● **Exercise description**
Starting with the line where "她说,当时在11楼和9楼单位" appears, print every line through the end of the entries below exactly as it stands, and leave out the pictures.

***** Input records *****

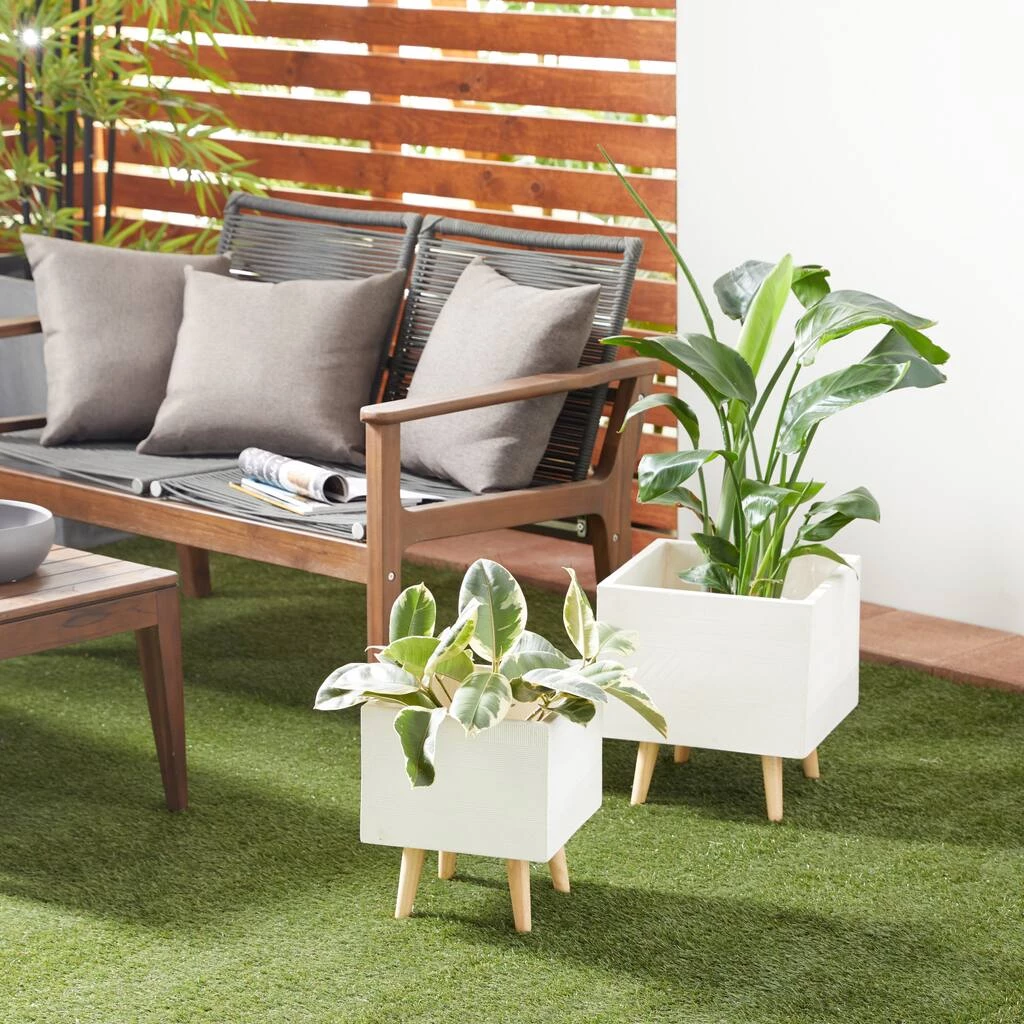 Verdant plants and flowering shrubs provide serene respite in these hectic times. And they need the proper holder to maintain a home’s theme. This set of two planters, crafted from fiber clay with matte white finish on the square bodies, elevates the look of modern and contemporary-style homes and gardens. Place leafy plants and flowering shrubs to highlight the trendy style of gardens, patios, and indoor/outdoor spaces. Great additions to gardens, patios, and outdoor spaces with a modern and contemporary theme Wipe clean with a dry cloth. Suitable for indoor and outdoor use Pots do not have drainage holes. These red indoor planters come as a set of 2. Contemporary design. This item comes shipped in one carton.
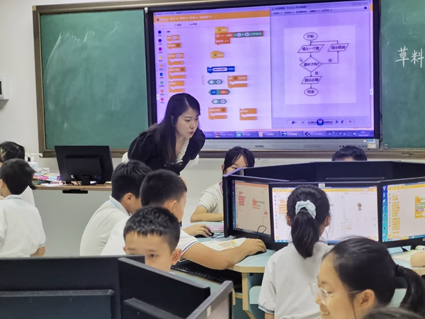 黃煒虹老師、周泳霏老師則針對五年級創意編程進行課程打磨。黃煒虹老師執教《小麥來玩球》一課,在完成基礎學習任務的同時,注重培養學生的創新意識,通過小組討論、匯報等形式,鼓勵學生拓展思維、表達想法,提升游戲趣味性。周泳霏老師執教《小麥猜猜樂》一課,引導學生分析游戲流程,將問題層層分解、化簡,最終解決問題,引導學生對程序進行迭代與優化,培養學生的計算思維能力。
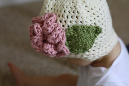 Listing is for a pattern to make your own hand crocheted Cream hat with a pink accent flower and green leaf.
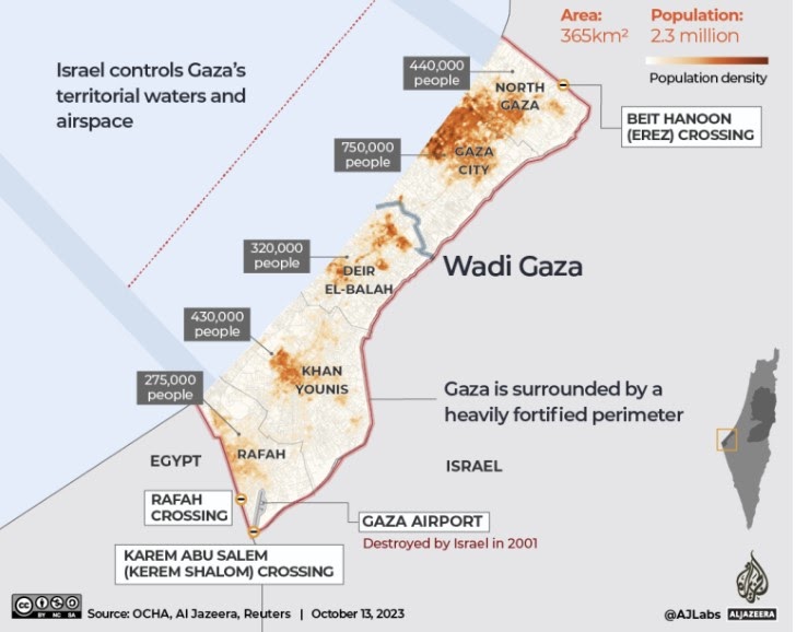 காஸாவில் 5 பகுதிகளில் சுமார் 2.3 மில்லியன் மக்கள் வசிக்கின்றனர். அவை வடக்கு காசா, காசா நகரம், டெய்ர் எல்-பாலா, கான் யூனிஸ் மற்றும் ரஃபா என்பவாகும்.
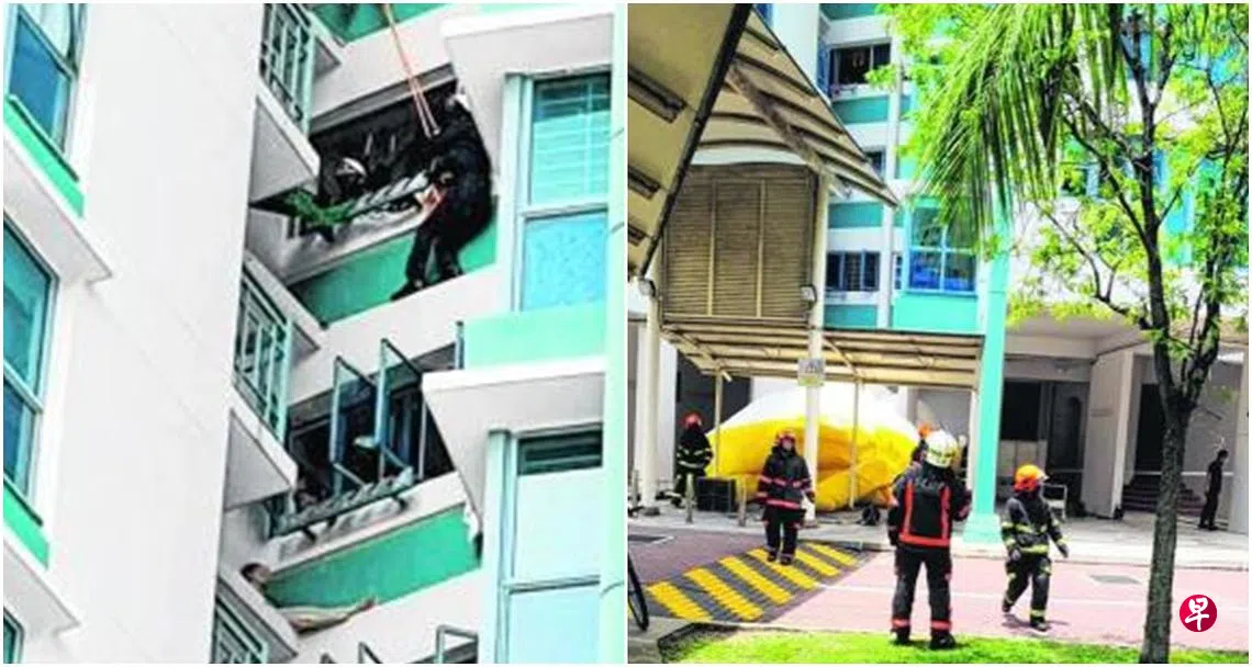 她说,当时在11楼和9楼单位的厨房,各有三名民防人员待命,他们在劝说女佣的同时也撒网救人。
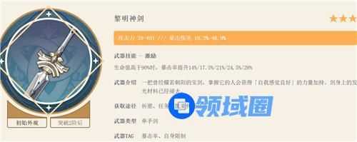 1、黎明神剑:高贵的爆伤武器,虽然很难吃到武器特效的暴击率加成,但也同样是三星武器中最值得带的。其他三星武器都不推荐,暗铁剑副词条加的虽然是元素精通,但伤害提升并不算高,并且特效加的是攻击力,没啥用。

*****

● **Finished exercise**
 她说,当时在11楼和9楼单位的厨房,各有三名民防人员待命,他们在劝说女佣的同时也撒网救人。
 1、黎明神剑:高贵的爆伤武器,虽然很难吃到武器特效的暴击率加成,但也同样是三星武器中最值得带的。其他三星武器都不推荐,暗铁剑副词条加的虽然是元素精通,但伤害提升并不算高,并且特效加的是攻击力,没啥用。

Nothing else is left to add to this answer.